Cerebral Palsy is a chronic, non-progressive neuromuscular disorder that affects the movement and coordination of muscles. The origin of cerebral palsy lies in the brain, not in the muscles or nerves. It is caused by abnormalities in parts of the brain that control muscle movements. Many children with cerebral palsy have a congenital malformation of the brain. Some have cerebral palsy as a result of brain damage caused by infection, trauma, hypoxia, metabolic disease, chemical toxicities or other factors prior to birth. Effects range from mild to severe dysfunction. Typically, the greater the injury to the brain, the more severe the cerebral palsy.

Types of Cerebral Palsy

  • Spastic- Increased muscle tone or tightness with poor control of posture, balance and coordinated motion. This may involve one or both sides of the body. Movements are stiff, especially in the legs, arms, and/or back. Children with this form of CP move their legs awkwardly, turning in or scissoring their legs as they try to walk. This is the most common form of CP.
  • Athetoid or Dyskinetic- Involves abnormal involuntary movement. Characterized by slow, writhing, wormlike, uncontrolled body movements that usually involve the extremities, trunk, neck, facial muscles and tongue. May also include chorea (involuntary, irregular, jerking movements) or dystonia (disordered muscle tone). These disturbances are usually absent during sleep and aggravated by stress.
  • Mixed Type- This is a combination of the symptoms listed above. A child with mixed type has both high and low tone muscle. Some muscles are too tight, and others are too loose, creating a mix of stiffness and involuntary movements.
  • Atonic- This type is characterized by very low tone, little active movement and brisk reflexes.

More words used to describe the different types of CP include:

  • Diplegia--This means only the legs are affected.
  • Hemiplegia--This means one half of the body (such as the right arm and leg) is affected.
  • Quadriplegia--This means both arms and legs are affected, sometimes including the facial muscles and torso.

Symptoms of Cerebral Palsy (Presence of these vary among different children)

  • Delayed gross motor development (This is a universal manifestation)
  • Uncoordinated or involuntary movements
  • Persistent primitive infantile reflexes
  • Persistent infantile resting and sleeping posture- arms abducted at the shoulder, elbows flexed and hands fisted
  • Poor sucking/ feeding difficulties
  • Increased/ decreased resistance to passive movements
  • Exaggerated arching of the back
  • Feels “stiff” while handling
  • Feels “floppy” while handling
  • Rigid and unbending at the hip and knee joints when pulled to a sitting position
  • Scissoring and extension of the legs, with the feet pointed downward while lying down
  • Hyperreflexia, ankle clonus and stretch reflexes elicited in many muscle groups on fast passive movements


Treatment for Cerebral Palsy

Treatment focuses on maximizing the child’s physical capabilities and developmental potential. Assessments should be completed by a developmental pediatrician, neurologist and orthopedic specialist. Typically, children with cerebral palsy receive physical, occupational and speech/language therapy. The broad aims of therapy are to establish locomotion; gain optimum appearance and integration of motor function; to correct associated defects as effectively as possible and to provide educational opportunities adapted to the individual child’s needs and capabilities.
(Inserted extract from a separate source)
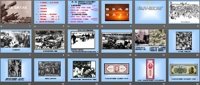 关键词:人民解放战争的胜利教学课件,战略大决战教学课件,人教版八年级上册历史PPT课件下载,八年级历史幻灯片课件下载,人民解放战争的胜利PPT课件下载,战略大决战PPT课件下载,.PPT格式;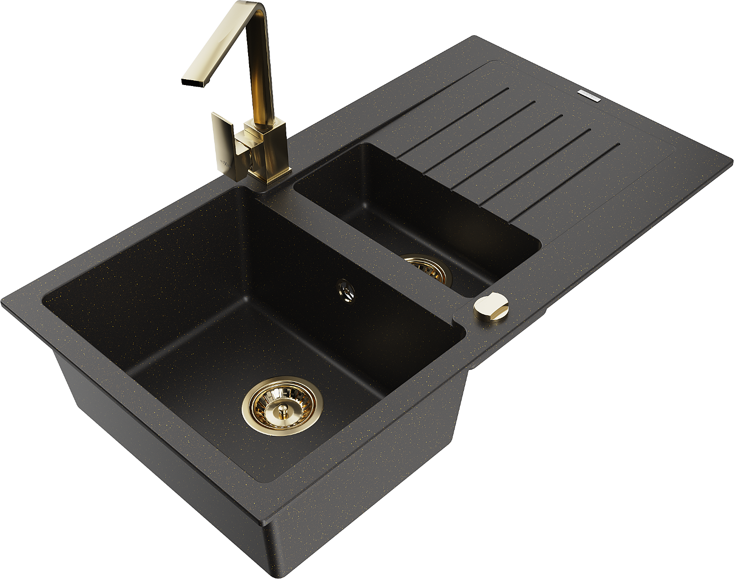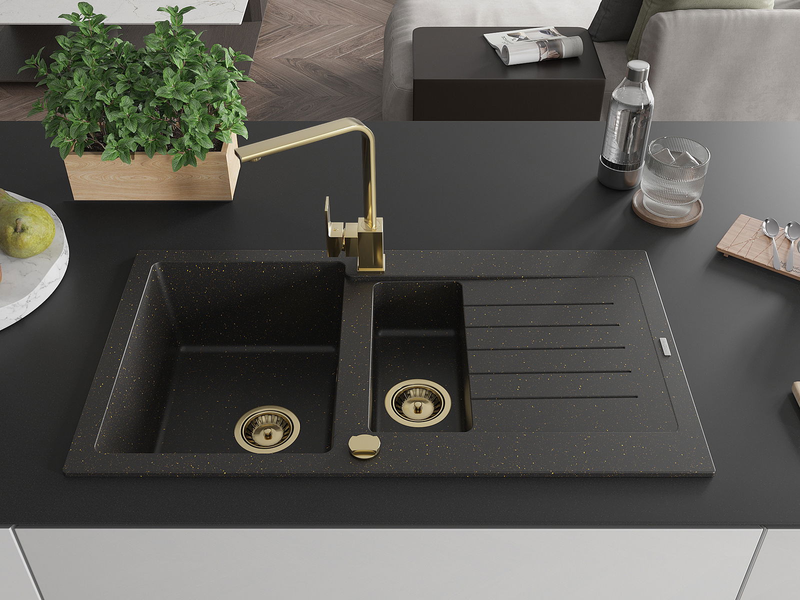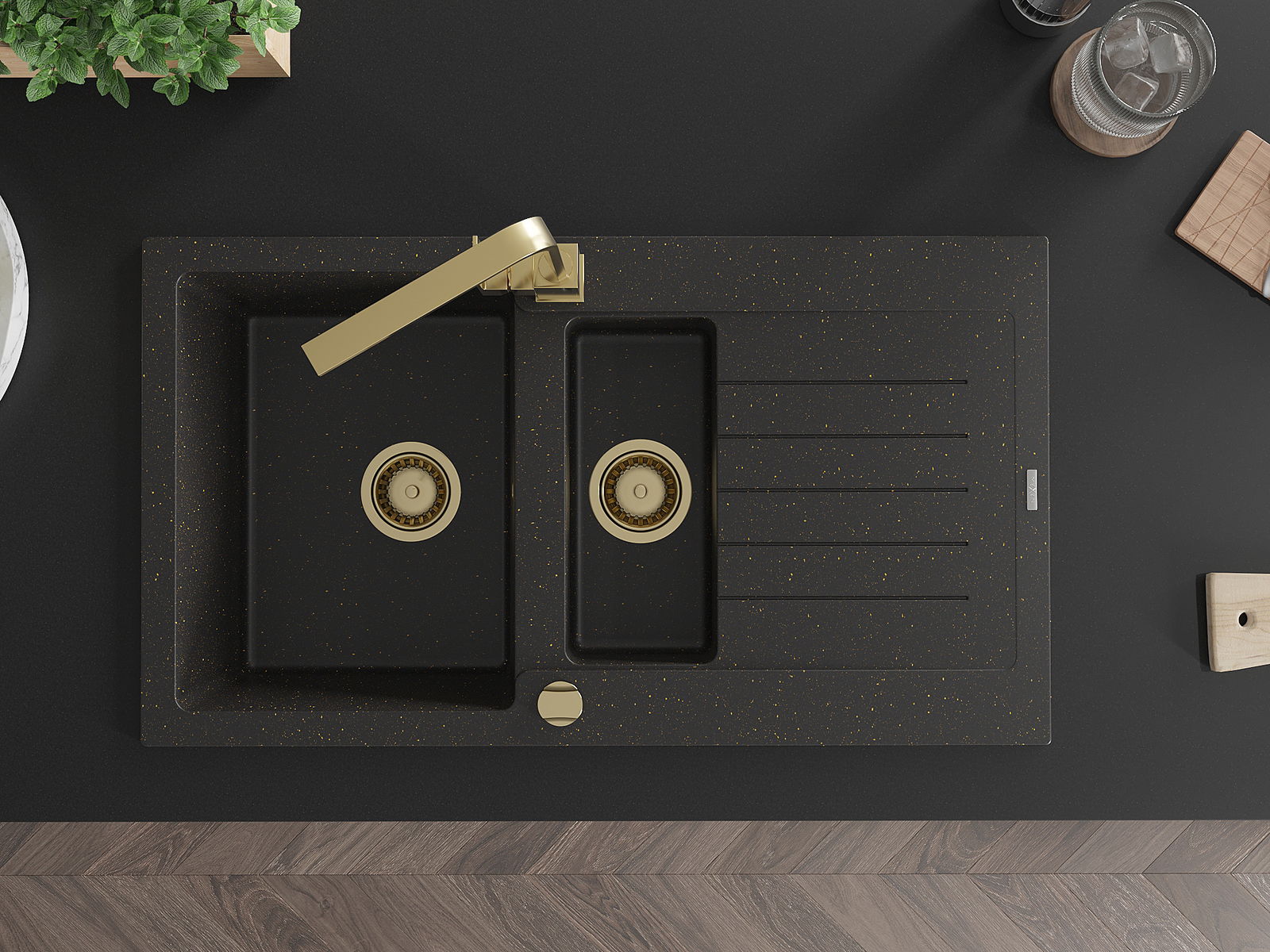 Mexen Matias granitový drez 1,5-komorový s odkvapkávačom a kuchynskou batériou Rita, čierny/zlatý - 6502-75-670300-50

Children younger than three years old can benefit greatly from early intervention services. Early intervention is a system of services to support infants and toddlers with disabilities and their families. For older children, special education and related services are available through the public school to help each child achieve and learn. Other special equipment may be helpful. For example, braces (also called AFOs) may be used to hold the foot in place when the child stands or walks. Custom splints can provide support to help a child use his or her hands. A variety of therapy equipment and adapted toys are available to help children play and have fun while they are working their bodies. Activities such as swimming or horseback riding can help strengthen weaker muscles and relax the tighter ones.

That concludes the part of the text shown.